→ **Problem to work on**: Once the line holding "Дублин-01 Special White" is found in the entries below, transcribe exactly every line up to and including the one holding "有一次,我们一个客户访问HT", but leave out the pictures.
/---
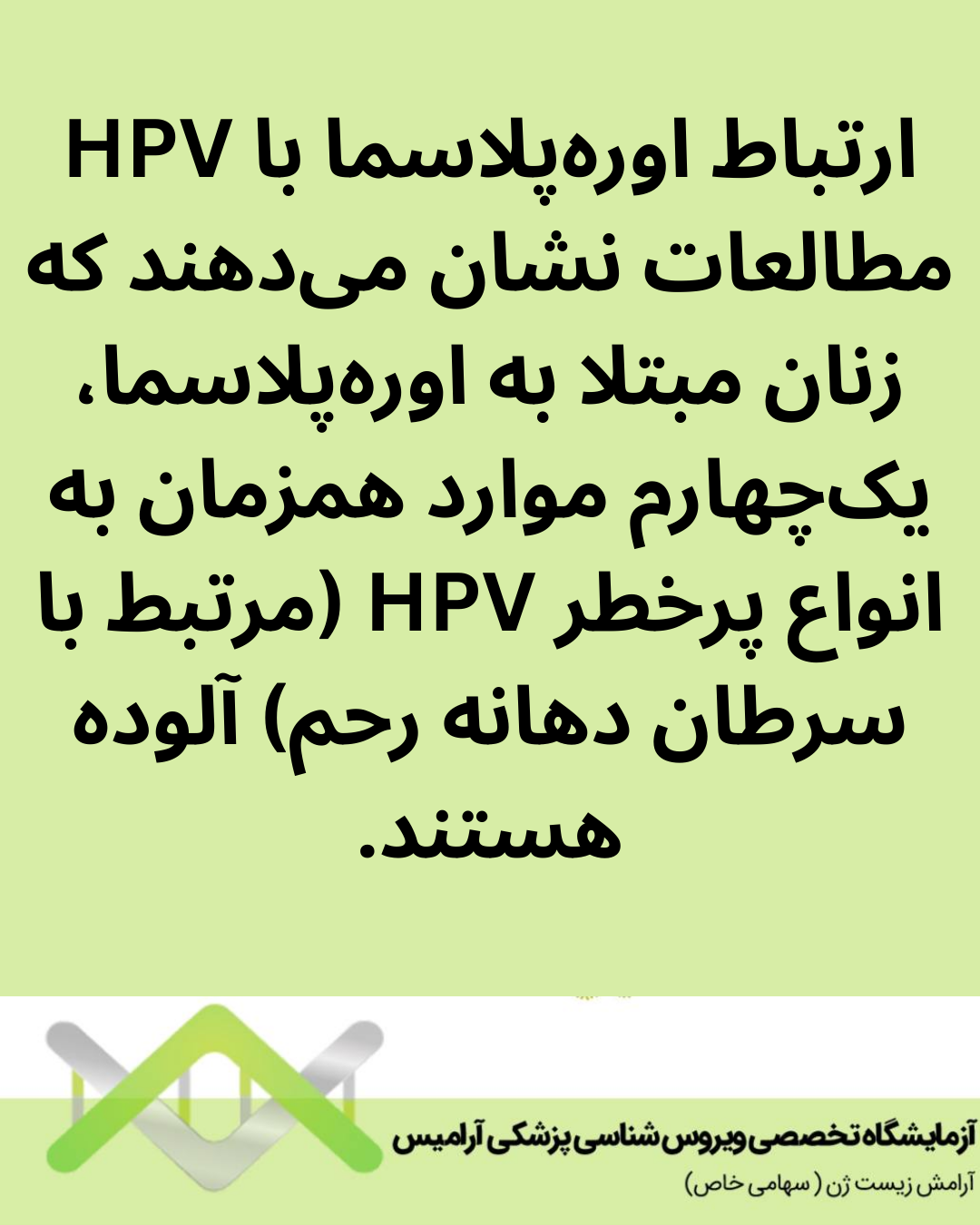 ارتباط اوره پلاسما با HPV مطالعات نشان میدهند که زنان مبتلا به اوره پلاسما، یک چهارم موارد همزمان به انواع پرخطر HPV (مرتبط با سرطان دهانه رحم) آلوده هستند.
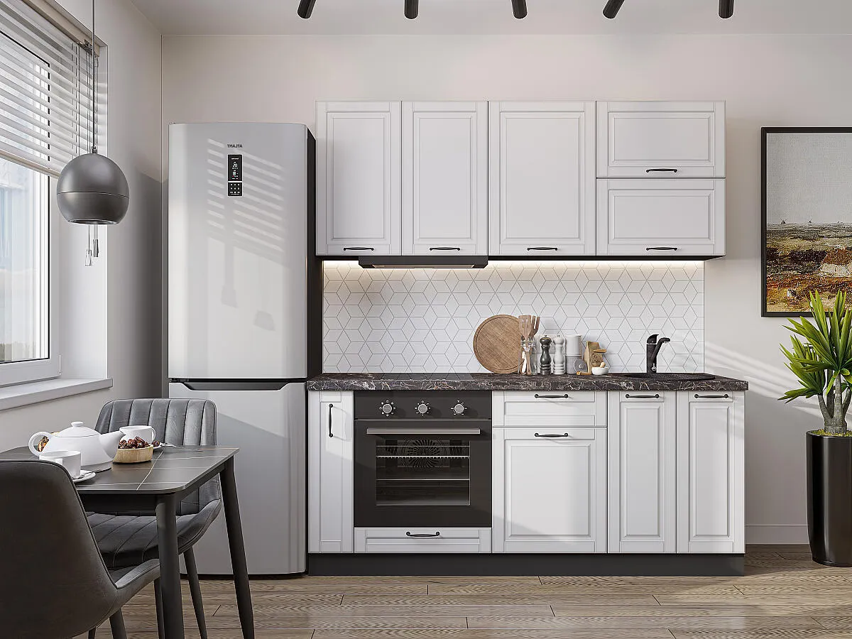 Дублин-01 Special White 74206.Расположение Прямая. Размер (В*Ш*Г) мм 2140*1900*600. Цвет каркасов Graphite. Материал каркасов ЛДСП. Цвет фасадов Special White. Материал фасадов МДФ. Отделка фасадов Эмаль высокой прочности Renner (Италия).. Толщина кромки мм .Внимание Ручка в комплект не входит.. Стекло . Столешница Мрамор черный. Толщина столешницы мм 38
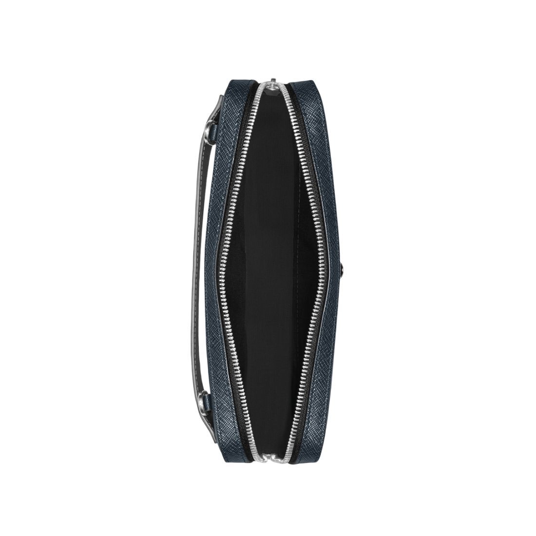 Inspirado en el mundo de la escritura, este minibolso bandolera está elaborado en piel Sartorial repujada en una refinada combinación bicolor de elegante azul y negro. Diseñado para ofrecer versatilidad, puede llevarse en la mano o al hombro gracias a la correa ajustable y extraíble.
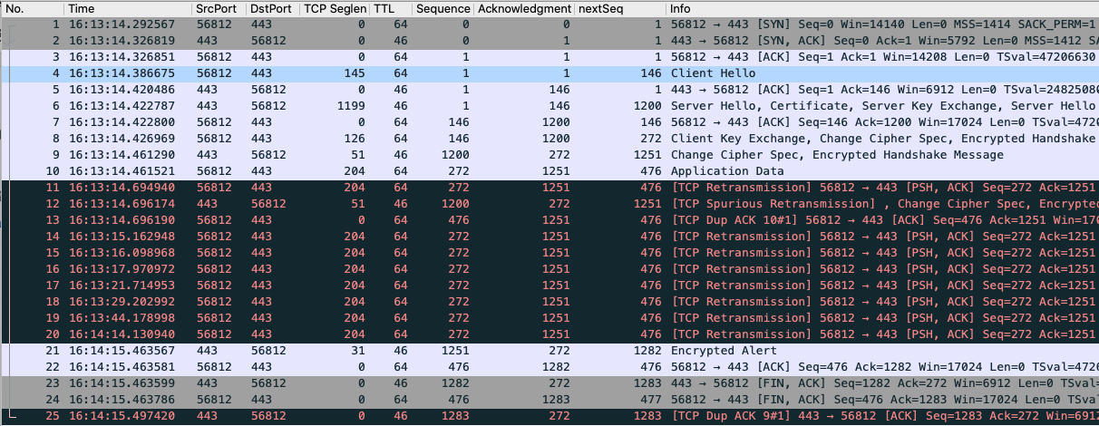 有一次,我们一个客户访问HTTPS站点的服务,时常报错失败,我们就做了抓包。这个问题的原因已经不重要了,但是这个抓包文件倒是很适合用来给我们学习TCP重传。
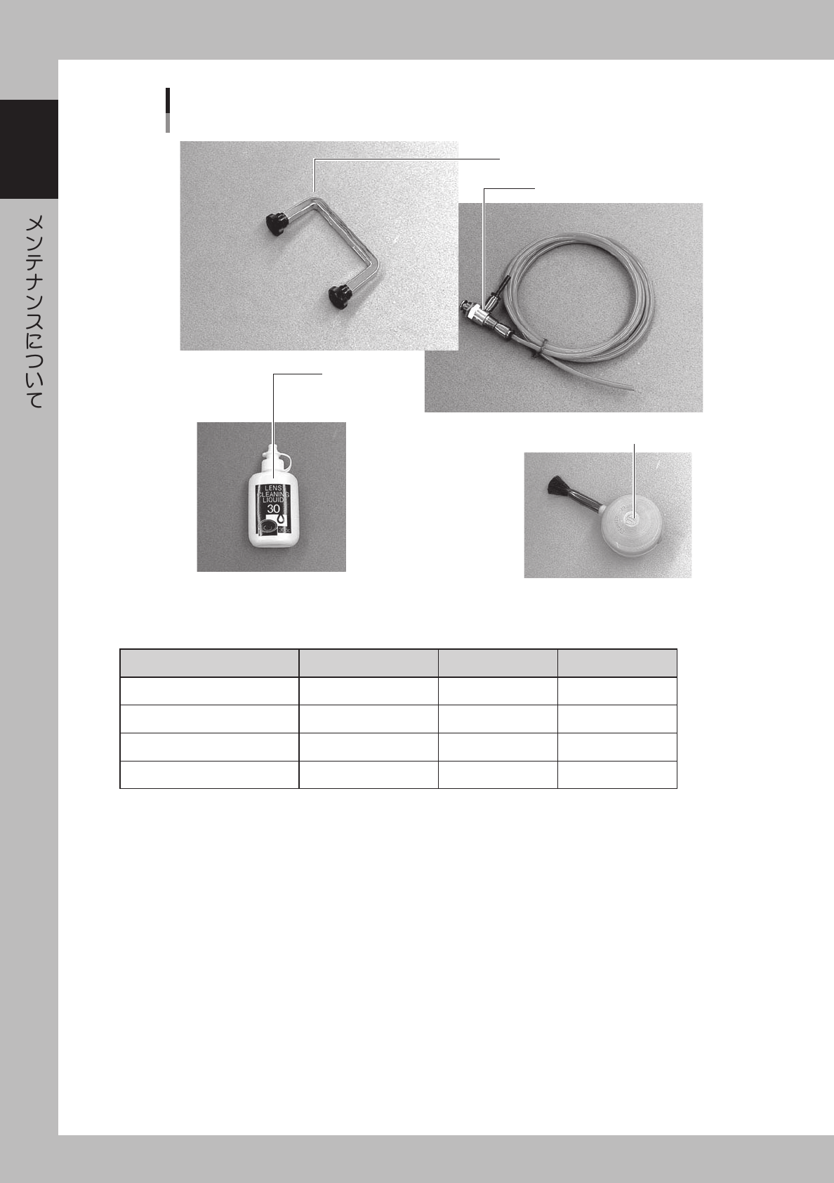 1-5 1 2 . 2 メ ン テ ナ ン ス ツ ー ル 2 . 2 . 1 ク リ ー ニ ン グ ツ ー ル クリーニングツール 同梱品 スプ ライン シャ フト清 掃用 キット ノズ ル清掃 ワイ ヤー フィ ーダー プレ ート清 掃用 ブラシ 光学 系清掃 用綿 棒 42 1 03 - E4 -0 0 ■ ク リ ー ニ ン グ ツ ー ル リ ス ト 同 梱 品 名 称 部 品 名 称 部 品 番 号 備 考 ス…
\---
→ **Answer to the exercise**:
 Дублин-01 Special White 74206.Расположение Прямая. Размер (В*Ш*Г) мм 2140*1900*600. Цвет каркасов Graphite. Материал каркасов ЛДСП. Цвет фасадов Special White. Материал фасадов МДФ. Отделка фасадов Эмаль высокой прочности Renner (Италия).. Толщина кромки мм .Внимание Ручка в комплект не входит.. Стекло . Столешница Мрамор черный. Толщина столешницы мм 38
 Inspirado en el mundo de la escritura, este minibolso bandolera está elaborado en piel Sartorial repujada en una refinada combinación bicolor de elegante azul y negro. Diseñado para ofrecer versatilidad, puede llevarse en la mano o al hombro gracias a la correa ajustable y extraíble.
 有一次,我们一个客户访问HTTPS站点的服务,时常报错失败,我们就做了抓包。这个问题的原因已经不重要了,但是这个抓包文件倒是很适合用来给我们学习TCP重传。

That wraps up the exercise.